Emphasis has been placed on breeding strong, healthy, paddock-reared sheep with excellent longevity.

They shed their wool, can be run without chemicals and ewes are good milking mothers.

Sue said they were keen to share their knowledge and experiences of the Wiltshire breed, and have in the past sold their sheep to other breeders as well as organic olive growers and vineyards.

“Most of our market is rams to Merino breeders,” she said. “They are also handy for cropping and are prolific breeders.”

Other properties participating in the open farms tour are Jim Dawson’s jujube and fig farm and Bees Neez Apiaries, run by David and Leilani Leyland.

Jim will share his experiences of growing and propagating the exotic jujube tree, while David and Leilani will share information on how to manage an apiary business efficiently and profitably.

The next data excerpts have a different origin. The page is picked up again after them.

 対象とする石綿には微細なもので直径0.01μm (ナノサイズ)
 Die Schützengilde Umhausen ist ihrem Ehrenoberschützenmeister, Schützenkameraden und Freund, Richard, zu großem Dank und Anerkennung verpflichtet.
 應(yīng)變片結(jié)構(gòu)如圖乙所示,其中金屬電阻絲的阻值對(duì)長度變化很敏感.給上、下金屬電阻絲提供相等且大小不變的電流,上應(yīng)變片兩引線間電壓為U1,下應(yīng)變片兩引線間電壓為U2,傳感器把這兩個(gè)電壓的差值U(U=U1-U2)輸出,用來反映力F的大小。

The Leylands will also take visitors through the process of honey making.

David, who has been working with bees for 28 years, and Leilani opened the retail and education side of their business seven years ago. They sell beeswax candles, honeycomb and bee-related gifts, as well as six different types of honey.

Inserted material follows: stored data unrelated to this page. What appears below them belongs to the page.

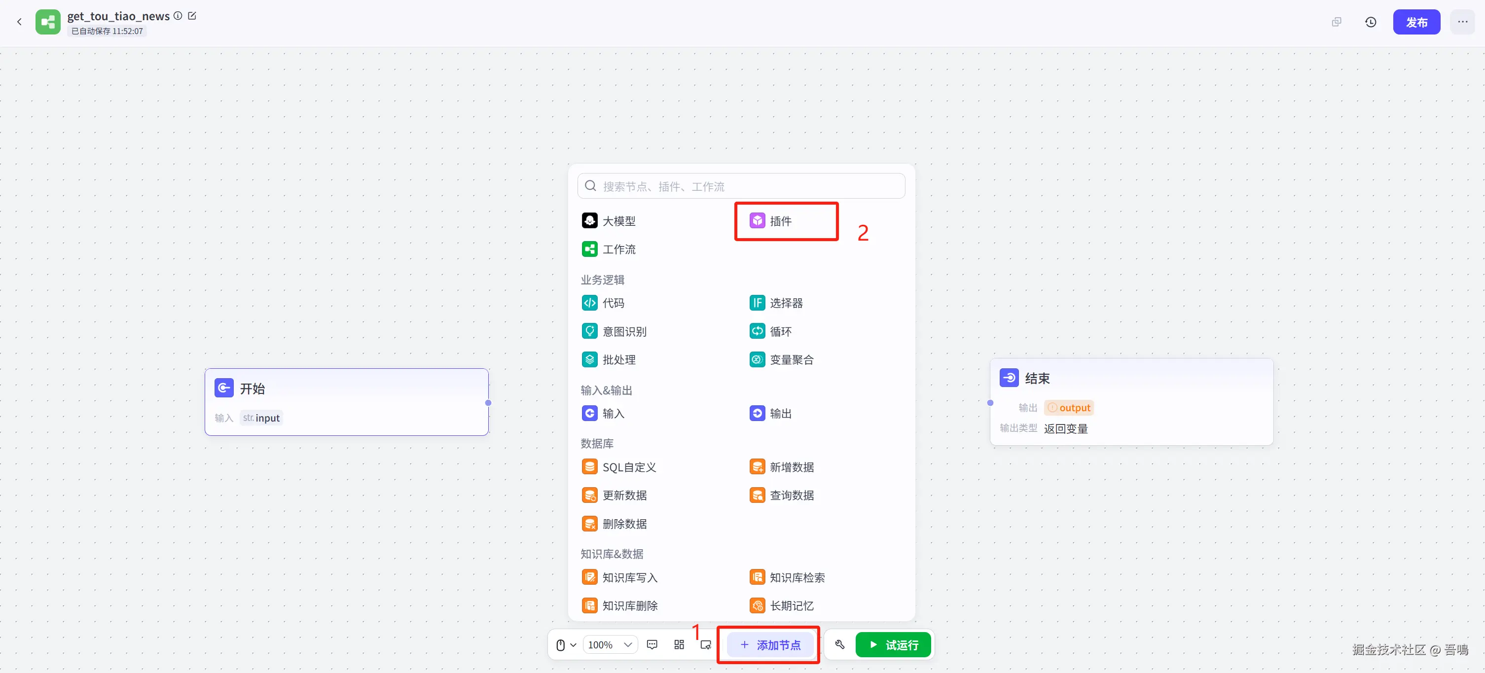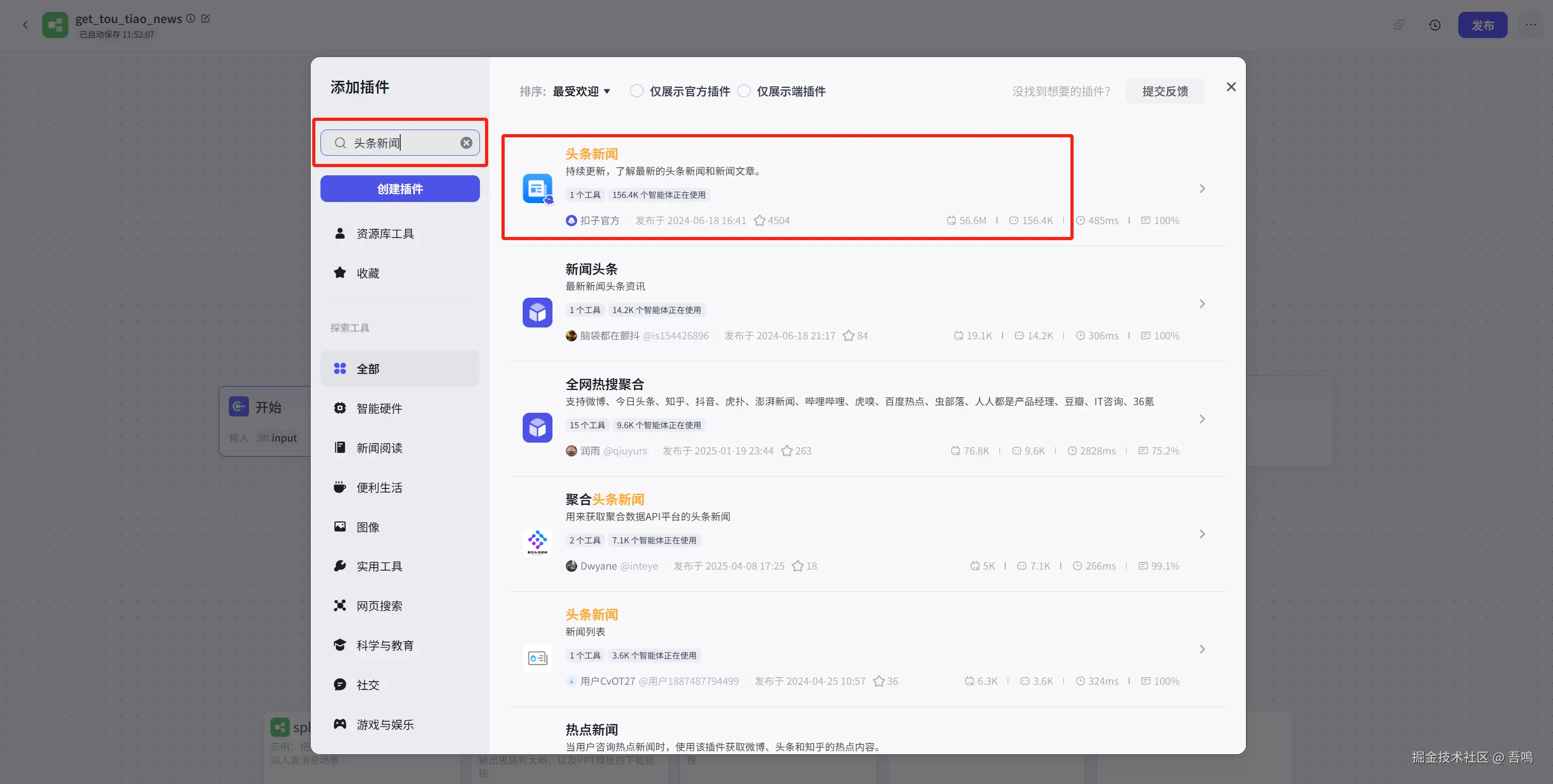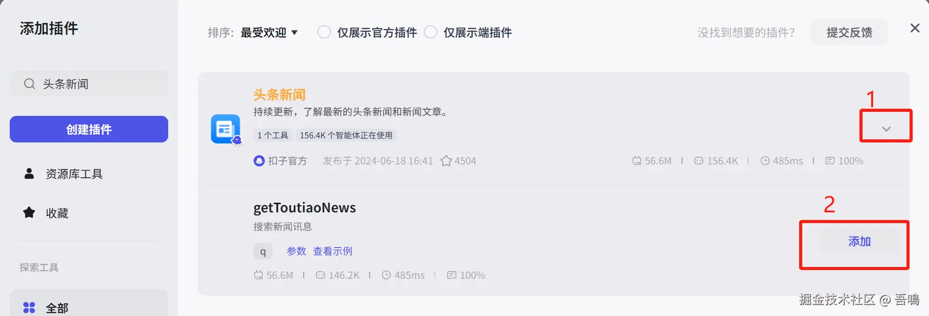 - 点击“头条新闻”插件,选择添加“getToutiaoNews”工具
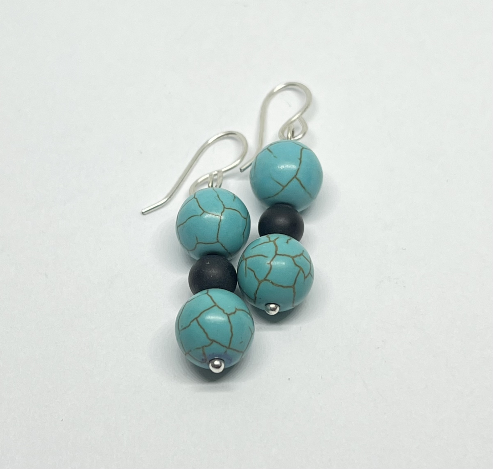 Cerceii “Desert Sky” îmbină perfect contrastul dintre calmul turcoazului și profunzimea onixului negru mat, simbol al echilibrului și al încrederii în sine. Realizați manual, acești cercei aduc un aer modern și elegant, potrivit atât pentru ținutele casual, cât și pentru cele rafinate.
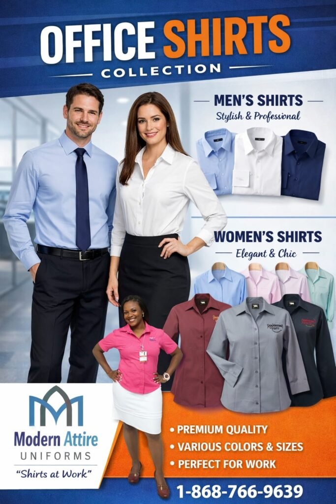 Elevate Your Corporate Identity with Custom Executive Wear Premium, stylish uniforms designed for the modern Trinidadian professional. Combine comfort with a sophisticated office aesthetic. See Collection Ladies Shirts Browse Professional Uniforms From office to hospitality we stock uniforms for every profession. Browse All Uniforms Ladies Suits and Jackets STYLE NO: J1055 JacketsInquire Now Embroidered Logos Embroidered LogosInquire Now STYLE NO: J1070 UncategorizedInquire Now STYLE NO: J1025 Jackets, Professional UniformsInquire Now Professional Uniforms STYLE NO: J1055 JacketsInquire Now Embroidered Logos Embroidered LogosInquire Now STYLE NO: J1070 UncategorizedInquire Now STYLE NO: J1025 Jackets, Professional UniformsInquire Now

The Leylands regularly host clubs and groups on tours of the apiary, but Leilani said this was the first time they had been involved in the field day.

“Initially, we had locals asking where to get our honey,” she said. “We sold it through shops but it wasn’t enough. Now it’s developed into an education thing. Some kids don’t know where their food comes from. We want people to learn.”

The Gidgegannup Small Farm Field Day is on May 28. Transport to all farms is free for field day attendees. Buses leave from the main gates every hour between 10am and 3pm.